Bio and Publications

Thursday, January 26, 2012

Apache Log Parsing

How much do I love Python?  Consider this little snippet that parses Apache logs.


import re
from collections import defaultdict, named tuple

format_pat= re.compile( 
    r"(?P<host>[\d\.]+)\s" 
    r"(?P<identity>\S*)\s" 
    r"(?P<user>\S*)\s"
    r"\[(?P<time>.*?)\]\s"
    r'"(?P<request>.*?)"\s'
    r"(?P<status>\d+)\s"
    r"(?P<bytes>\S*)\s"
    r'"(?P<referer>.*?)"\s' # [SIC]
    r'"(?P<user_agent>.*?)"\s*' 
)

Access = namedtuple('Access',
    ['host', 'identity', 'user', 'time', 'request',
    'status', 'bytes', 'referer', 'user_agent'] )

def access_iter( source_iter ):
    for log in source_iter:
        for line in (l.rstrip() for l in log):
            match= format_pat.match(line)
            if match:
                yield Access( **match.groupdict() )

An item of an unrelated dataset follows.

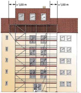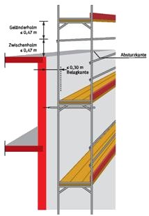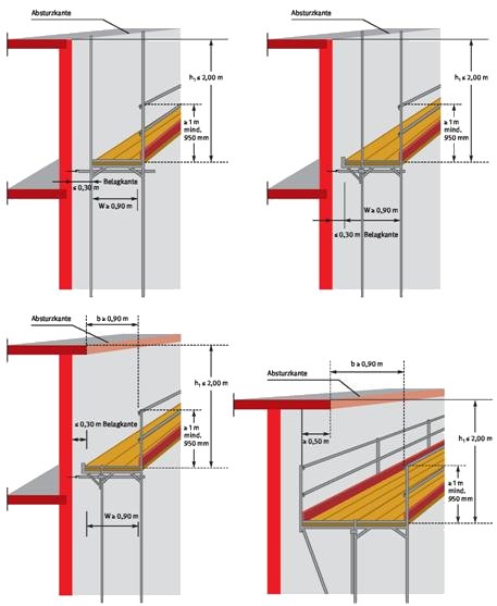Für den Auf-, Um- und Abbau können in Abhängigkeit von dem einzurüstenden Objekt, der Gerüstbauart, der Gerüstkonstruktion, des Gerüstsystems sowie Eigenart und Fortgang der auszuführenden Tätigkeiten unterschiedliche Maßnahmen zum Schutz gegen Absturz in Frage kommen.

That's about it.  The access log rows are now first-class Access-class objects that can be processed pleasantly by high-level Python applications.

Cool things.
  1. The adjacent string concatenation means that the regular expression can be broken up into bits to make it readable.
  2. When the named tuple attributes match the regular expression names, we can trivially turn the match.groupdict() into a named tuple. 
  3. By using a generator, the other parts of the application can simply loop through the results without tying up memory to create vast intermediate structures.
A couple of years back, a sysadmin was trying to justify spending money on a log analyzer product.  I suggested they (at the very least) get an open source log analyzer.

I also suggested that they learn Python and save themselves the pain of working with a (potentially) complex tool.  Given this as a common library module, log analysis applications are remarkably easy to write.


2 comments:

  1. Nice code. But what about using `re.VERBOSE` flag instead adjacent string concatenation?